Navratri is a festival of ten days and nine nights full of music and dancing when Hindus worship the female expression of the divine. The Hindu festival is celebrated each year in the autumn and honours the creative power of the Goddess personified in the forms of Durga, Lakshmi and Saraswati. Worshippers around the world honour each of the days of the festival wearing a specific colour in honour of the Goddess. Express.co.uk has compiled a guide for the nine colours of the Navratri festival this year.
Navratri is a major festival held in the Hindu religion in honour of the divine feminine.
The festival is celebrated with excitement and colour and is a time for family and friends to come together to commemorate the occasion.
This year Navratri will begin on Sunday, September 29 and last until October 7.
Each of the days of the festival is dedicated to Goddess Durga’s nine avatars and considered to be very auspicious.
The days are endowed with significance related to the colour and goddess worshipped on each day.
This year, the first day of Navratri will be celebrated with the vibrant colour of orange.
Orange is the first incarnation of Devi: Shailaputri, the daughter of the mountains.

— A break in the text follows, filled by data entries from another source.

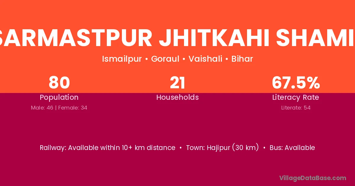 Sarmastpur Jhitkahi Shamil village has a total population of 80 people, of which 46 are males and 34 are females.
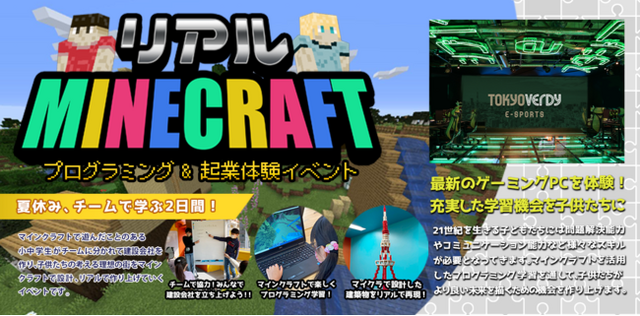 東京ヴェルディeスポーツ選手も使用する最新のゲーミングPCや大型ビジョンを用いて、世界中で大人気のゲーム「マインクラフト」を使った物づくり体験をしていただきます!
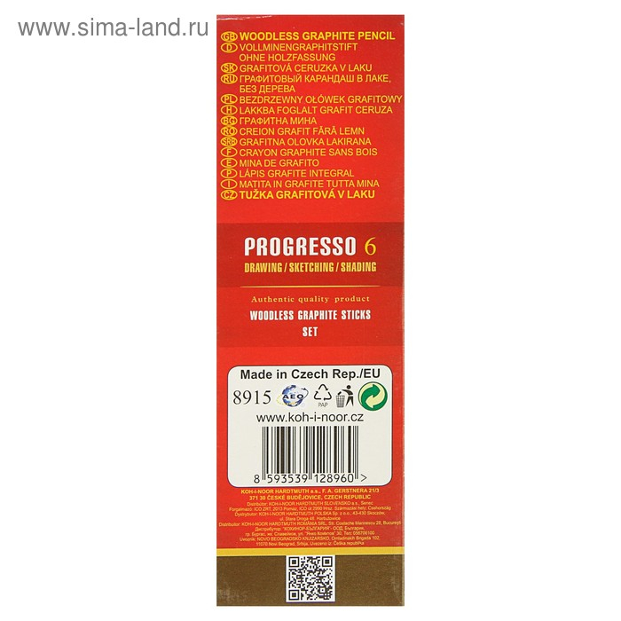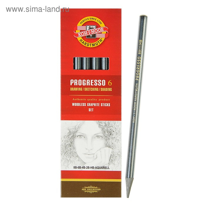 Набор карандашей цельнографитовых разной твердости 6 штук, Koh-I-Noor PROGRESSO 8915, 8B-HB, картон
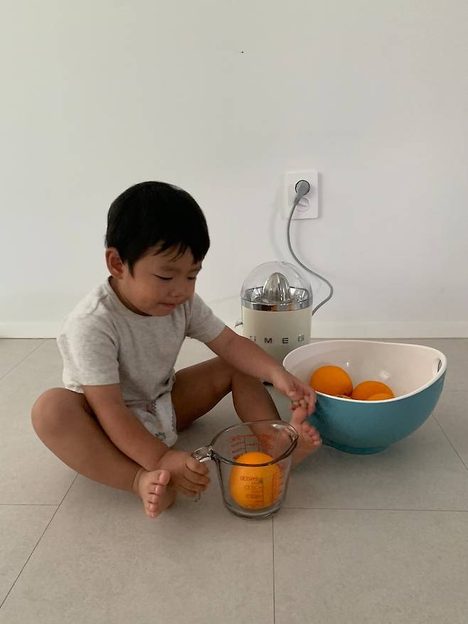 요즘 첫째와 함께 스메그 착즙기로 오렌지 주스 만들어 먹는 재미에 빠졌답니다 :) 안전해서 아이와 함께 만들어 먹기 좋은 것 같아요.
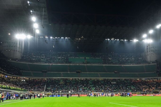 A seção vazia de “Carva Nord” do estádio foi demonstrada que os apoiadores foram baleados no chefe do “Ultra”, Vitorio Bochi, que foi baleado perto de sua casa, durante a partida de futebol italiana da Serie A e Giseppe-Miyazja (San Saro) em Samdoria (San Saro) estádio (San Saro). (Foto de Miguel Medina/AFP via Getty Image)
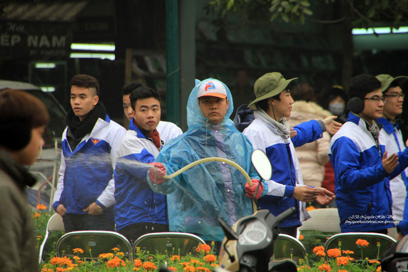 ngoại quốc vốn không hiểu tập quá Việt Nam. Họ cho người mặc áo mưa đi tưới hoa
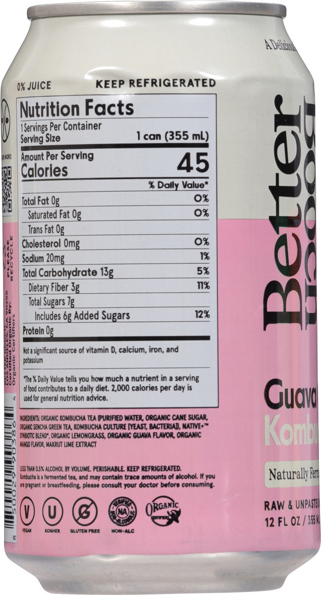 Better Booch Kombucha Sparkling Probiotic Drink Guava Cooler
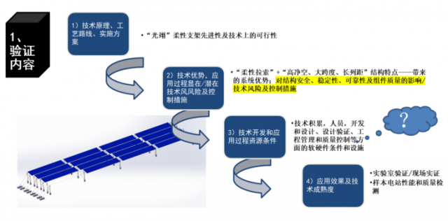 本次柔性支架驗(yàn)證采用技術(shù)評(píng)審和樣本電站檢測(cè)評(píng)估模式,驗(yàn)證內(nèi)容詳見下圖。
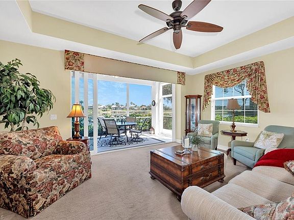 C9150 - Lovely first floor corner residence with huge lake view and convenient proximity to community pool and clubhouse. Desireable 2 Car garage with lots of extra parking close by. Sold turnkey furnished, this unit is ready for you to move in and enjoy the rest of the Spring season as of April 2, 2023. Excellent space for gathering or entertaining and large walk-in storage room. Just a short drive to the Strand commercial center with Publix grocery store, coffee shops, Skillets and Subway restaurants, dry cleaning and salons services. Just five miles to the beach and close to Mercado, Coconut Point Shopping Center, Hospitals, Airports and the “hot spot” infamous Seed to Table. The resort style Strand clubhouse offers poolside dining with the Island Bar and restaurant, tennis, pickleball, croquet, bocce ball, Jr Olympic size salt water pool, state of the art fitness center all included with your mandatory social membership. Upgrades to golf and sports memberships are available.
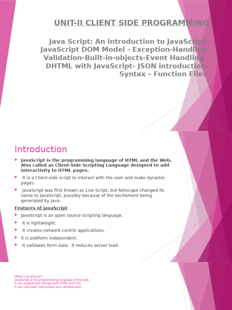 JavaScript is a scripting language which is done on a client-side. The various
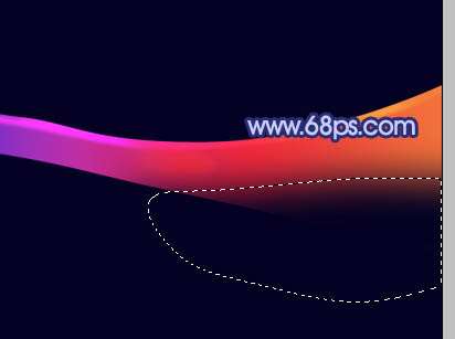 14、在背景图层上面新建一个图层,用钢笔勾出下图所示的选区,羽化2个像素后填充橙红色,如下图。

She is the absolute form of Mother Nature and symbolises strength.
Orange is the colour of happiness and energy.
The second day of Navratri is the incarnation of Goddess Durga is Brahmacharani and is white.
Brahamcharani is the female seeking spiritual knowledge.
In this form, the Goddess Durga or Parvati goes to the verdant mountains to do penance where her prospective consort Lord Shiva is.
The colour white is used to symbolise peace and purity.
The third day of the festival will be celebrated with the colour red.
The incarnation for this day of the festival is the Goddess Chandraghanta, a result if admiration for Parvati’s marriage to Shiva.
Married Parvati is deemed as a symbol of beauty and fearlessness and the name Chandraghanta is derived when Parvati ornamented her forehead with a half-Chandra, which is a half-moon shape.
She is often pictured wearing the colour red which is meant to symbolise bravery.
The fourth day of Navratri is commemorated by wearing Royal Blue.
Goddess Kushmanda is worshipped on this day, who according to Puranas, was considered as a goddess who enhances the health of the earth.
She is believed to improve health, bestow wealth and strength – all of which is signified by the colour of royal blue.
Hindu worshippers celebrate the fifth day of Navratri by adorning themselves in the colour yellow.
Yellow signified happiness, brightness and power.
Devotees worship Skandamata is the mother of Kartikeya, who is distinguished for her motherhood.
On the sixth day of the festival, Katyayani is honoured.
She is the incarnation of ‘Maa Durga’ and known for her courage.
Green is worn on this day, as it is considered to be the colour of new beginnings and growth.
The seventh day of Navratri is also known as Saptami.
Kalaratri is the most violent form of Maa Durga and is revered for Saptamani.
On this day, the colour grey will be worn.
Grey is meant to symbolise the strength of transforming.
The eighth day of the Hindu festival is also known as Ashtami.
This day is dedicated to Goddess Mahagauri, a goddess who is believed to bless devotees with intelligence and peace.
The colour for this day is purple which is said to embody calm and peace.
The ninth day of Navratri is the last day of the festival.
It is dedicated to Goddess Siddhidhatri, who is believed to fulfil all the divine aspirations of the devotees.
Goddess Siddhidatri is believed to have all the Siddhi carrying on her four hands.
On this day, the colour peacock green is celebrated and several rituals are conducted to celebrate the occasion.